MSilvia:
Nairobi huh? You'll definately want to get down to the Mombasa area for some dives on the coast.
Nairobi is roughly 300 miles from the coast. I don't know what the roads in Kenya are like, but if this was its neighbor Tanzania, the road into Daar Es Salaam is "so-so" by US Standards and I'd figure that that drive would take 7+ hours each way.
As such, I'd say that it looks beyond practical 'weekend' time budget trips, so I'd personally not bother to take my own full set of dive gear to Nairobi, unless I'm actually thinking about flying out to the Seychelles, Maldives, those islands off of Tanzania (whose name escapes me at the moment), etc.
A BP/W is a BackPlate/Wing type of BCD... Lots of folks here have taken that advice and been happy with it, and very few who've tried it say they don't like it.
Unfortunately, most people who say that
they didn't like it get shouted down here on SB.
I'm one of those who've tried it and "don't like it".
When I've mentioned this in the past on Scubaboard, I've been told that its all myth or improper weighting or other "hogwash" excuses.
Thanks, but I'm a Mechanical Engineer who's now in my 4th decade of diving and I actually took the effort to do the buoyancy/ballast vector force analysis. There are issues.

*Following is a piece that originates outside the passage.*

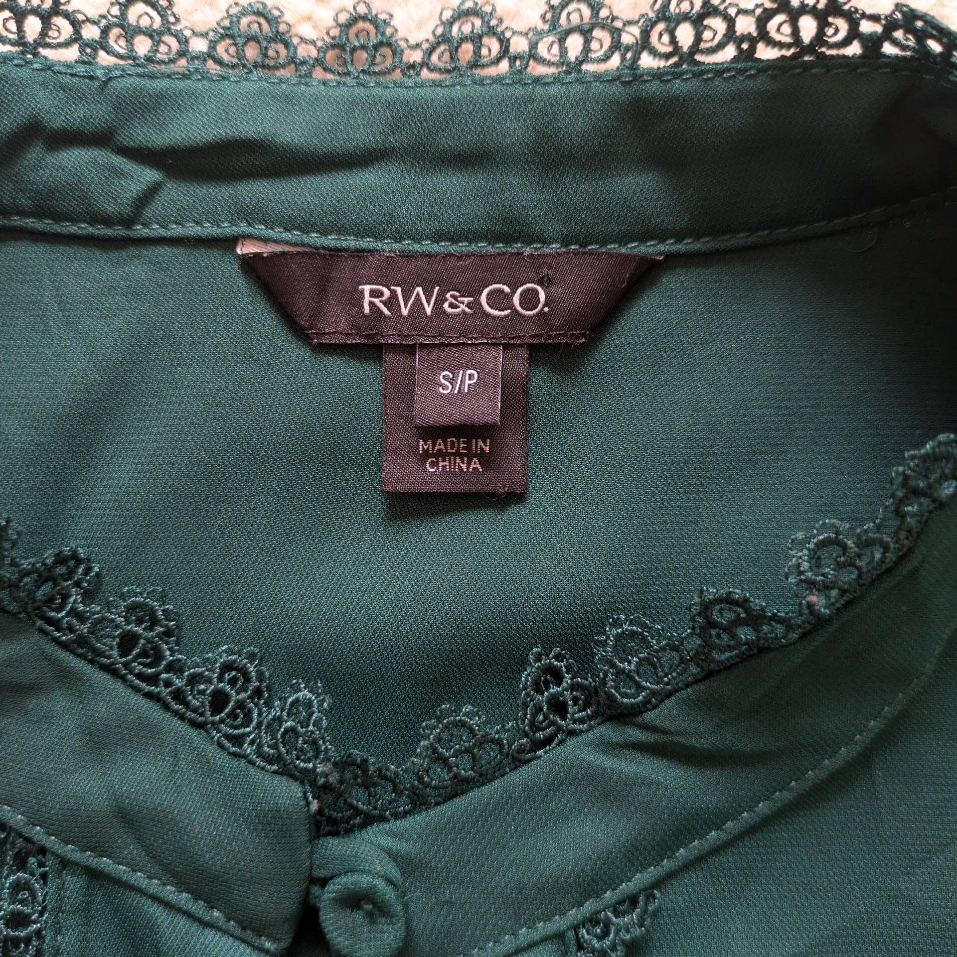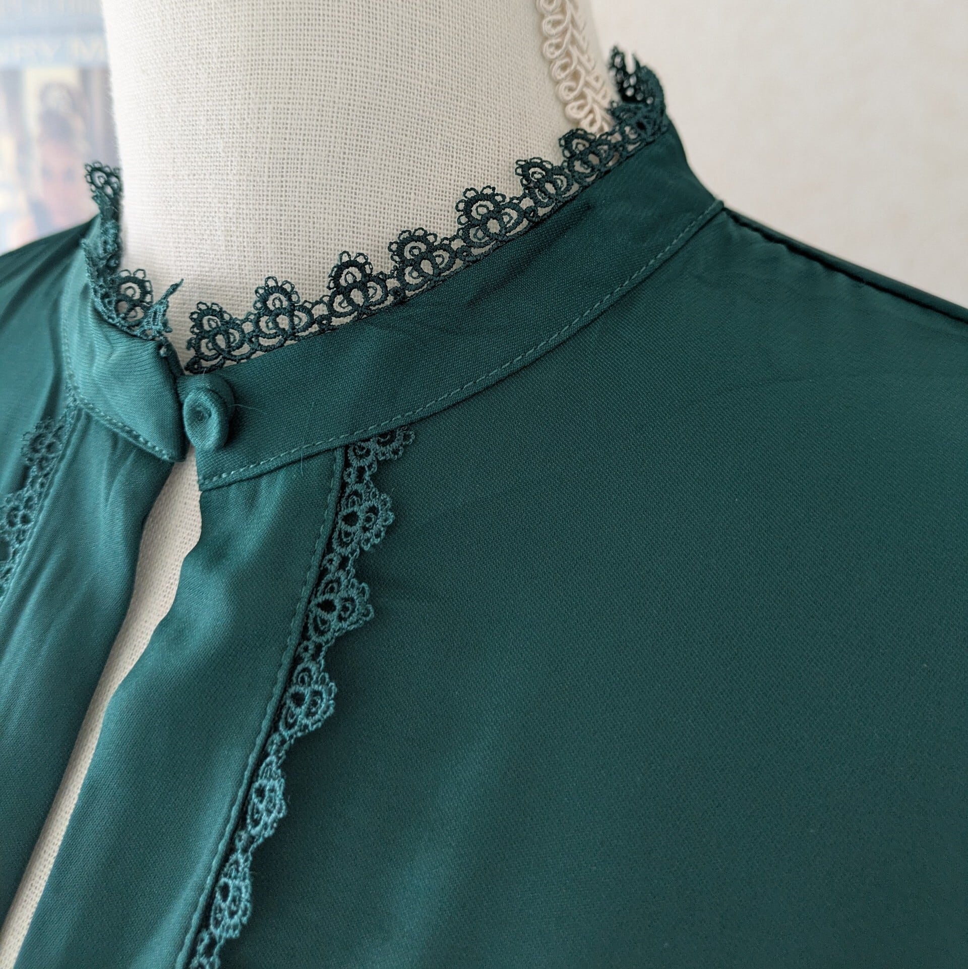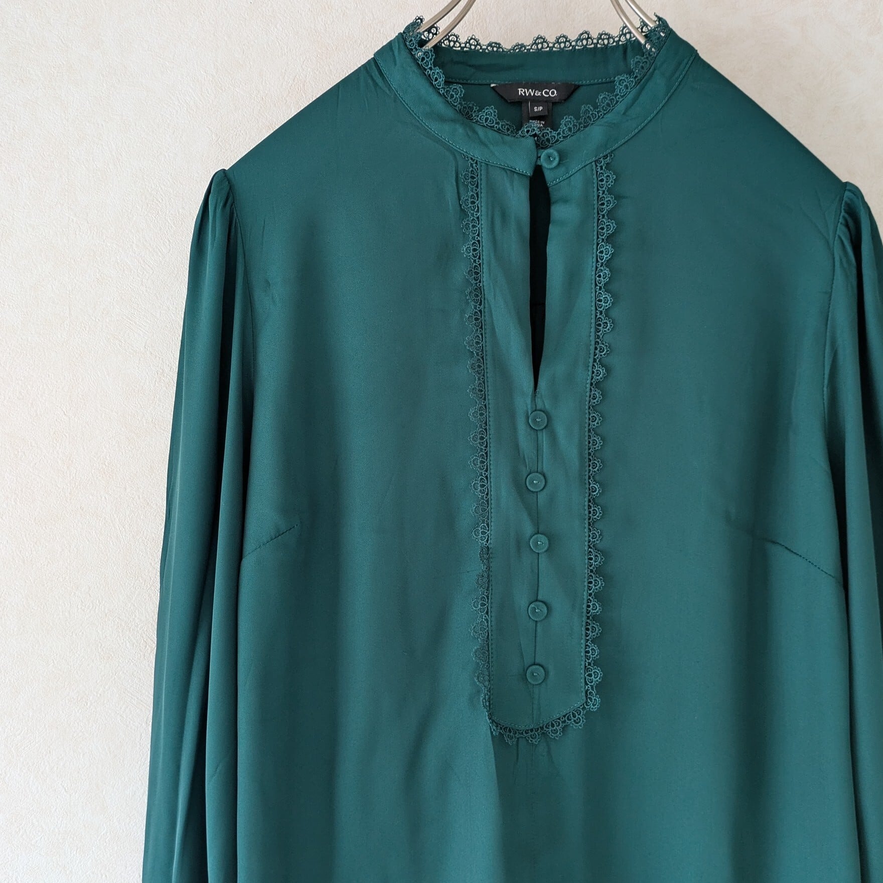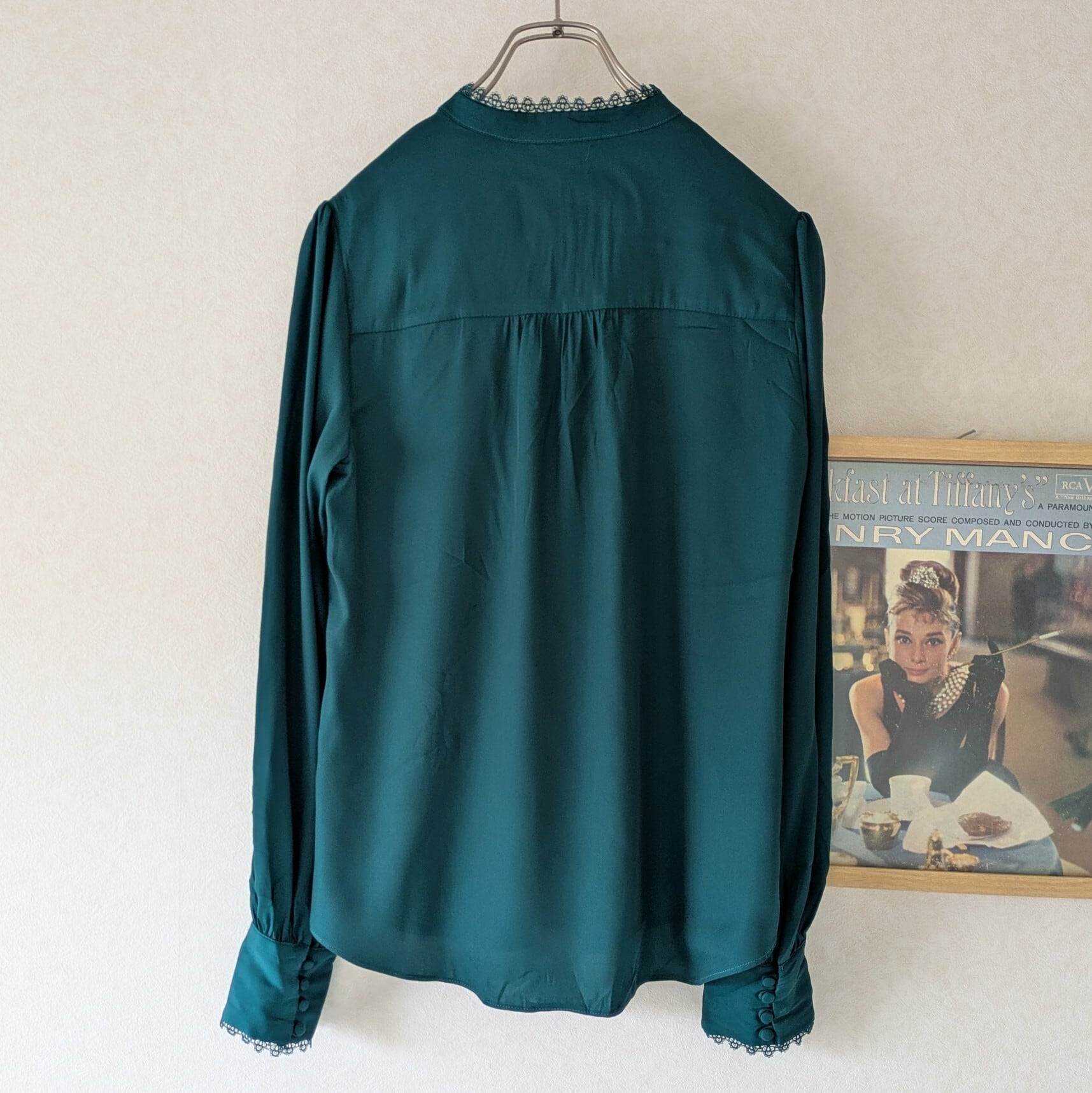 くすみカラーの濃いグリーンが素敵なブラウスです。

In a nutshell, a Wing is fine while horizontal underwater, but when vertical (such as at the surface), the BP/W's rear buoyancy bias becomes a small imbalance. When used with the 'floaty' AL80 that one finds at most tropical resorts, this imbalance grows. And in my case, I also have the extra mass of my Nikonos UW camera system weighting down in front, which causes this imbalance torque to grow yet again.
This imbalance is nothing insurmountable for a short surface float, but I've experienced dives where the chase boat lost us and we were floating for a half hour, and in 2-3ft seas, its nice to have your nose more than 1/4" clear of the water. This is when a 'slight tendency' thus becomes a safety problem.
I don't dispute that a BP/W is the correct configuration that is need for heavy steel doubles for tech/cave diving. However, I am concerned that the highly vocal SB Wing Fan Club (SBWFC) subscribes to the opinion that effectively argues that it makes sense to buy the tech gear on Day 1 because "everyone" will eventually become a technical diver wearing doubles and thus need it. Thanks, but tech isn't even 20% of the diving public, let alone 80%, to financially justify such an approach.
Yes, I'm ready to go back to a Jacket. Only problem is that I need the SBWFC guys to put their money where their mouth is, to pony up $500 to buy my current Wing setup so that I won't catch
as much grief from my wife about the money I wasted on it.
Finally, I don't dispute that there's some lousy Jacket designs out there. But these are mostly designs from more a decade ago. And the fact that the "taco" problem exists with some Wings with single tanks illustrates that no system is perfect.